▶ **DATASET EXCERPT**
━━━━━━

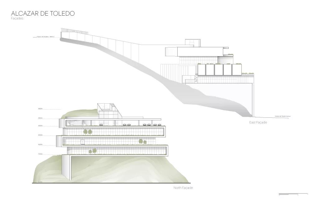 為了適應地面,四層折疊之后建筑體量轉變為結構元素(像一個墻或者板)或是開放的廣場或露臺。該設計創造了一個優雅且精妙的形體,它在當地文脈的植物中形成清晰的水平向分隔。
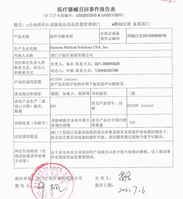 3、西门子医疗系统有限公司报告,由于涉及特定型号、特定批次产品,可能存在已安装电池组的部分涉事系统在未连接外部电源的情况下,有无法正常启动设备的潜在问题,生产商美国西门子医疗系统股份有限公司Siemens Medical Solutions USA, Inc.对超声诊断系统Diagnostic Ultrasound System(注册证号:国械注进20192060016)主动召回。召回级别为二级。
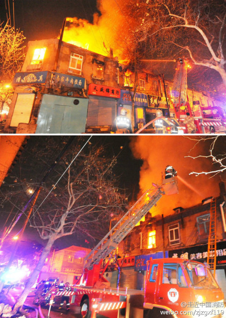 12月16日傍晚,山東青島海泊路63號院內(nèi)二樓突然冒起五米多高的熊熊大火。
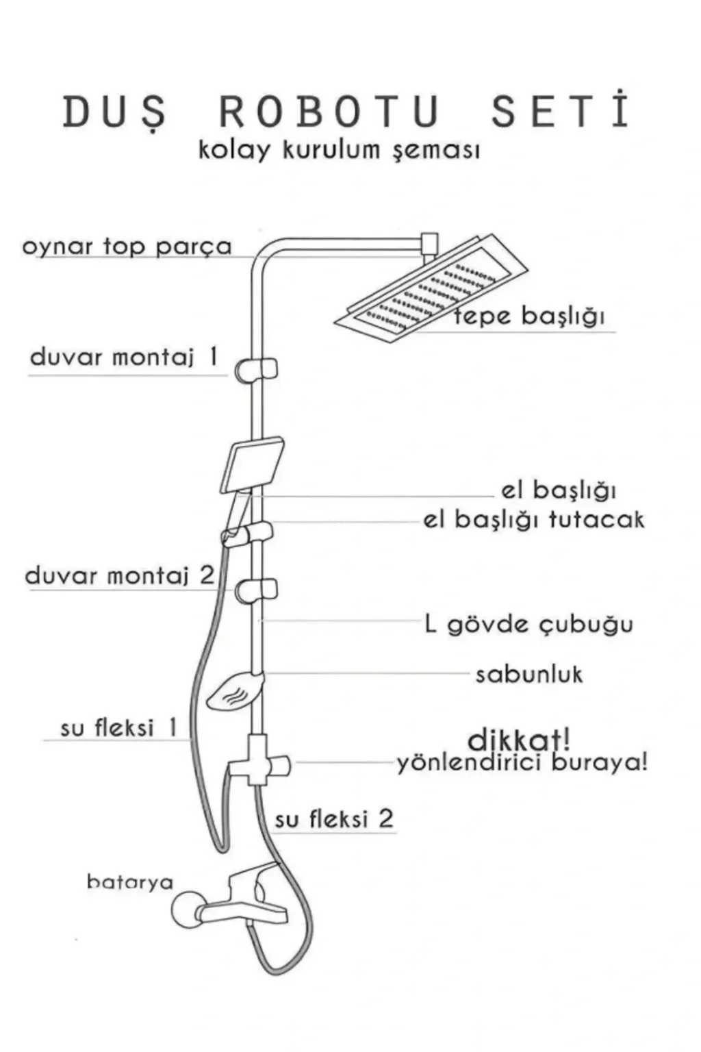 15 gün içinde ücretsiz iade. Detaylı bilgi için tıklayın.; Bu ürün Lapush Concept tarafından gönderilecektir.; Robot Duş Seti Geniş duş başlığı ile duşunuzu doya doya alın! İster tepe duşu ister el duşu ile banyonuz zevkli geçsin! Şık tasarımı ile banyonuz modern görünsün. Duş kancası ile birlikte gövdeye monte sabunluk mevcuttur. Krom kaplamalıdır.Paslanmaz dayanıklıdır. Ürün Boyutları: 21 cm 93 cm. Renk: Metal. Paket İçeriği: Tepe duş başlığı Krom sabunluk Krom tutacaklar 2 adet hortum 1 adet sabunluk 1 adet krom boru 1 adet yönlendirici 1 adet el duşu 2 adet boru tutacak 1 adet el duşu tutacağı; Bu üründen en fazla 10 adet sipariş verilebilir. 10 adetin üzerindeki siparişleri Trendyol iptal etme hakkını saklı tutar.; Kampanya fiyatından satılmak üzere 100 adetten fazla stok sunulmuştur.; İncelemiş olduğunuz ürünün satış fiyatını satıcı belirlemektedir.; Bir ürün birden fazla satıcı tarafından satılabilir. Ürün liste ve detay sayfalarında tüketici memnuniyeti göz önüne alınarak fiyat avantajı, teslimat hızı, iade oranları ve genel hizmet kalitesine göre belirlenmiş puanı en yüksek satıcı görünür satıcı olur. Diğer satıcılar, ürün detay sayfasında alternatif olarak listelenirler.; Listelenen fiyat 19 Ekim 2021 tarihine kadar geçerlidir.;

━━━━━━

▶ **WHAT IS EXPECTED**
None of the pictures should be reproduced; all other material above must be set down exactly.

▶ **RESPONSE**
 為了適應地面,四層折疊之后建筑體量轉變為結構元素(像一個墻或者板)或是開放的廣場或露臺。該設計創造了一個優雅且精妙的形體,它在當地文脈的植物中形成清晰的水平向分隔。
 3、西门子医疗系统有限公司报告,由于涉及特定型号、特定批次产品,可能存在已安装电池组的部分涉事系统在未连接外部电源的情况下,有无法正常启动设备的潜在问题,生产商美国西门子医疗系统股份有限公司Siemens Medical Solutions USA, Inc.对超声诊断系统Diagnostic Ultrasound System(注册证号:国械注进20192060016)主动召回。召回级别为二级。
 12月16日傍晚,山東青島海泊路63號院內(nèi)二樓突然冒起五米多高的熊熊大火。
 15 gün içinde ücretsiz iade. Detaylı bilgi için tıklayın.; Bu ürün Lapush Concept tarafından gönderilecektir.; Robot Duş Seti Geniş duş başlığı ile duşunuzu doya doya alın! İster tepe duşu ister el duşu ile banyonuz zevkli geçsin! Şık tasarımı ile banyonuz modern görünsün. Duş kancası ile birlikte gövdeye monte sabunluk mevcuttur. Krom kaplamalıdır.Paslanmaz dayanıklıdır. Ürün Boyutları: 21 cm 93 cm. Renk: Metal. Paket İçeriği: Tepe duş başlığı Krom sabunluk Krom tutacaklar 2 adet hortum 1 adet sabunluk 1 adet krom boru 1 adet yönlendirici 1 adet el duşu 2 adet boru tutacak 1 adet el duşu tutacağı; Bu üründen en fazla 10 adet sipariş verilebilir. 10 adetin üzerindeki siparişleri Trendyol iptal etme hakkını saklı tutar.; Kampanya fiyatından satılmak üzere 100 adetten fazla stok sunulmuştur.; İncelemiş olduğunuz ürünün satış fiyatını satıcı belirlemektedir.; Bir ürün birden fazla satıcı tarafından satılabilir. Ürün liste ve detay sayfalarında tüketici memnuniyeti göz önüne alınarak fiyat avantajı, teslimat hızı, iade oranları ve genel hizmet kalitesine göre belirlenmiş puanı en yüksek satıcı görünür satıcı olur. Diğer satıcılar, ürün detay sayfasında alternatif olarak listelenirler.; Listelenen fiyat 19 Ekim 2021 tarihine kadar geçerlidir.;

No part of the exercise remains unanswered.